Nothing but the lines from the one with "肩の力は抜いて、ゆるっと、ラフに。 Tシャツ 5分袖" through the end of the material should be retyped, word for word and without pictures.

____

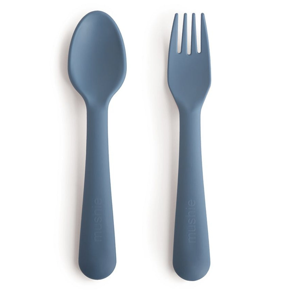 Mushie Baby Cutlery Furculiță și lingură - Twilight Blue
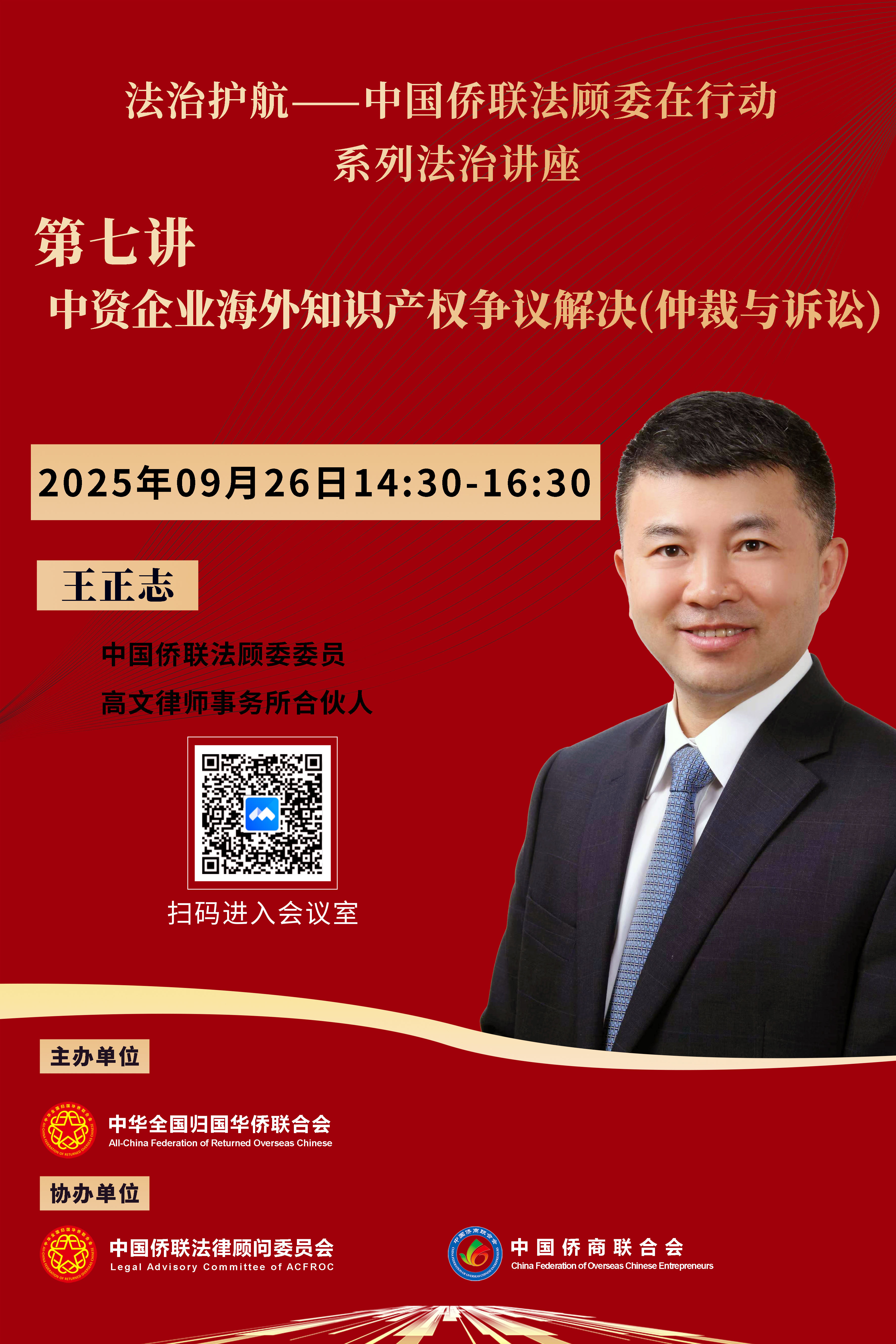 第七講將于9月26日(周五)14:30開(kāi)播,由中國(guó)僑聯(lián)法顧委國(guó)際貿(mào)易與仲裁專(zhuān)委會(huì)委員、高文律師事務(wù)所合伙人王正志律師主講,題目是《中資企業(yè)海外知識(shí)產(chǎn)權(quán)爭(zhēng)議解決(仲裁與訴訟)》。聽(tīng)課鏈接參見(jiàn)下方海報(bào)。
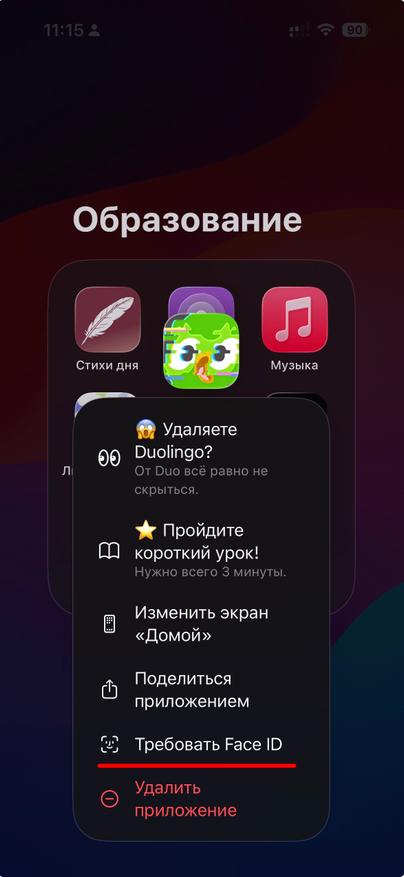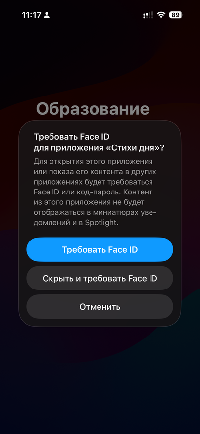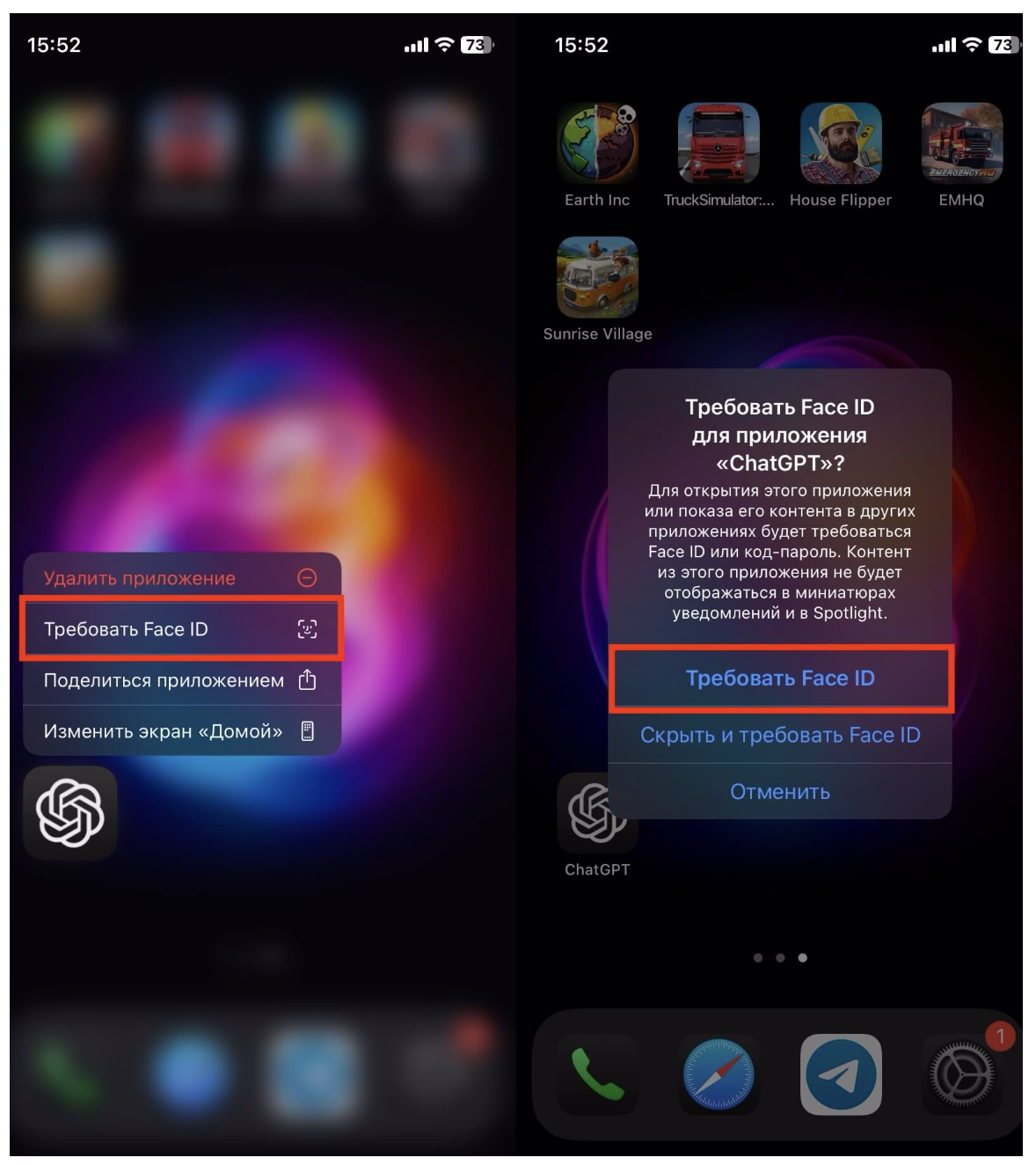 Бывают ситуации, когда иконка пусть остаётся на виду, но лишним глазам внутрь лучше не попадать. Для этого в iOS 18 есть отдельный режим — блокировка приложения по Fаce ID или Touch ID.
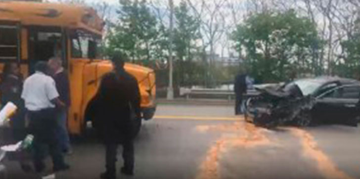 Según las autoridades, 29 niños y 1 adulto sufrieron heridas menores tras el choque entre el bus y un vehículo.
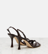 When in the mood to stand out, opt for the Elsy sandals from Jimmy Choo. Made from croc-effect embossed leather, the pair elevates on 90mm stiletto heels. Product Details - Upper: leather - Lining: leather - Sole: leather insole and sole - Toe shape: almond open toe - Made in Italy - Includes: shoe box, dust bags - Designer color name: Chocolate - Item color: brown - Item number: P01070943 Size & Fit - True to size - Best fit for narrow feet - European sizes - 9cm-3.5" heel (size EU 38)
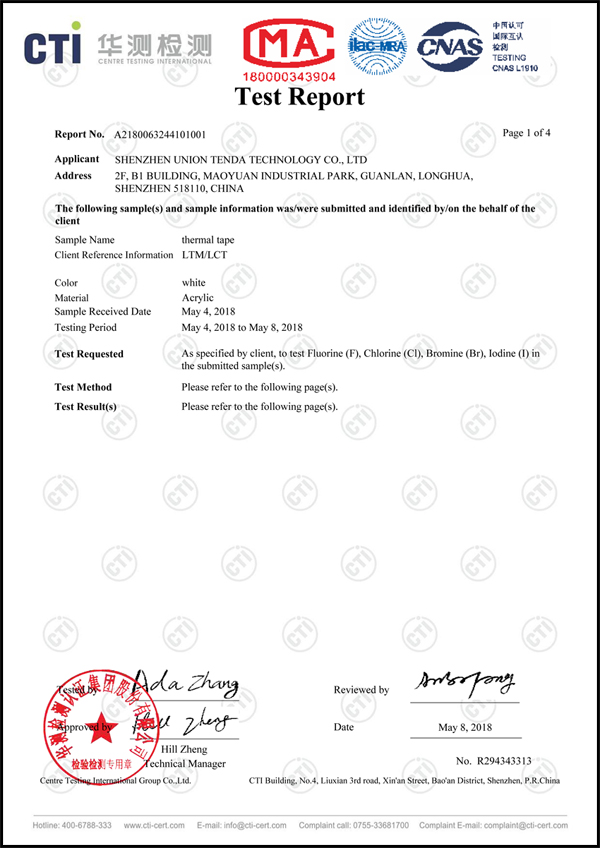 導(dǎo)熱雙面膠鹵素報告
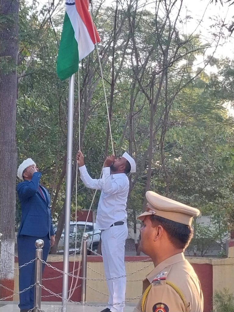 मनमाड – ७५ व्या प्रजासत्ताक दिनानिमित्त मनमाड शहर न्यायालयात मा.न्यायाधिश महेश खराडे यांच्या हस्ते ध्वजवंदन करण्यात आले. ध्वजवंदन झाल्यावर मनमाड वकील संघाच्या वतीने बहारदार देश भक्तिपर गीतांचा कार्यक्रम साजरा करण्यात आला ऍड. रमेश अग्रवाल, एड.चंद्रकांत उबाळे एड. हेमंत सोनवणे, एड. प्रिती सरोदे, ज्योति माळवतकर, रोहन अग्रवाल, प्रेमनारायण कुशवाह व मंगेश कुळकर्णी, ह्यांनी बहारदार देश भक्तिपर व भक्तिमय गीते सादर केली. कार्यक्रमास ज्वाईंट न्यायाधीश श्रीमती मोरे ,मनमाड वकील संघाचे अध्यक्ष ऍड. किशोर सोनवणे, सेक्रेटरी एड. शशिकांत व्यवहारे, खजिनदार एड. सुमित दंडगव्हाळ व वकील संघातील इतर सदस्य व न्यायालयातील सहाय्यक अधिक्षक श्री पाटील व इतर न्यायालयीन कर्मचाऱी मोठ्या संख्येने हजर होते.
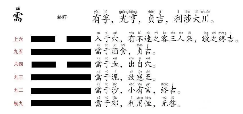 马振彪曰:易一卦多义,未可执一而求。需有待义、有敬意、有养义、有求义,皆于爻象中括之。初与二不冒险轻进,是待而需也;三致寇不败,是敬而需也:四顺以听,是自养而需也;五酒食贞吉,是养贤以应天下之需求也。是皆得需道之善者,若上则不需而亦无大失,终不外乎敬矣。
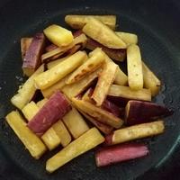 油で揚げず、少なめの油で炒め、芋の水分で蒸し焼きにしました。その分、砂糖多めにしカリッとさせました。フライパンで手軽に出来きて美味しかったです😄
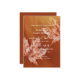 This fall family reunion invitation card has a burnt orange colour theme featuring subtle monochromatic maple leaves accenting a flowing light to dark earthy burnt orange gradient - by katz_d_zynes
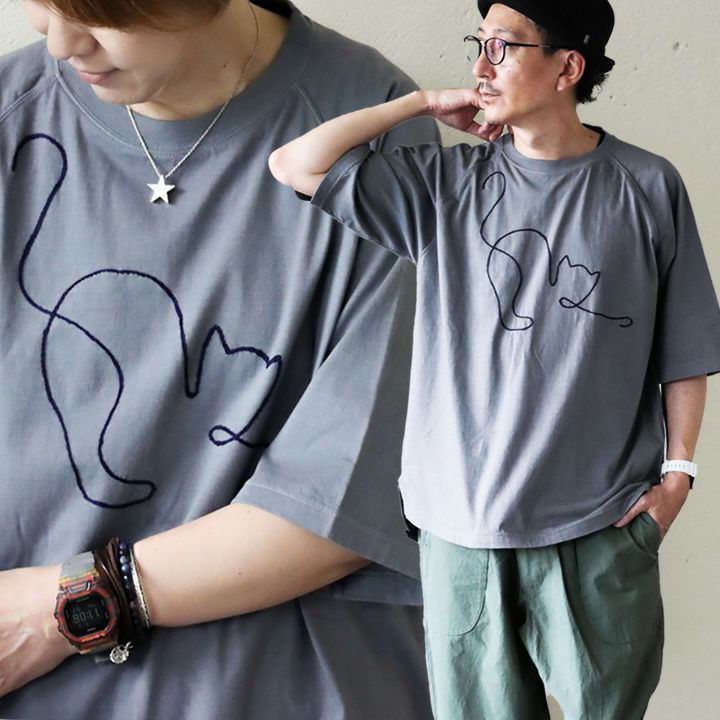肩の力は抜いて、ゆるっと、ラフに。 Tシャツ 5分袖 メンズ レディース クルーネック 猫 ネコ 刺繍 刺しゅう 綿100% 薄手 伸縮性 涼しい 夏 夏服 ゆったり 体型カバー大きいサイズ カジュアル PATY パティ SLOW HANDS スローハンズ
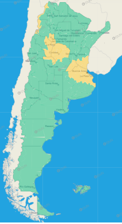 Córdoba: Zona baja de Calamuchita – Zona baja de Santa María – Río Primero – Río Segundo – Tercero Arriba – San Justo – Oeste de Pocho – Oeste de San Alberto – Oeste de San Javier – Zona baja de Cruz del Eje – Zona baja de Minas – Zona serrana de Cruz del Eje – Zona serrana de Minas – Zona serrana de Pocho – Zona serrana de San Alberto – Zona serrana de San Javier – Ischilín – Río Seco – Sobremonte – Tulumba – Zona baja de Colón – Zona baja de Totoral

____

__Solution to this exercise__.
肩の力は抜いて、ゆるっと、ラフに。 Tシャツ 5分袖 メンズ レディース クルーネック 猫 ネコ 刺繍 刺しゅう 綿100% 薄手 伸縮性 涼しい 夏 夏服 ゆったり 体型カバー大きいサイズ カジュアル PATY パティ SLOW HANDS スローハンズ
 Córdoba: Zona baja de Calamuchita – Zona baja de Santa María – Río Primero – Río Segundo – Tercero Arriba – San Justo – Oeste de Pocho – Oeste de San Alberto – Oeste de San Javier – Zona baja de Cruz del Eje – Zona baja de Minas – Zona serrana de Cruz del Eje – Zona serrana de Minas – Zona serrana de Pocho – Zona serrana de San Alberto – Zona serrana de San Javier – Ischilín – Río Seco – Sobremonte – Tulumba – Zona baja de Colón – Zona baja de Totoral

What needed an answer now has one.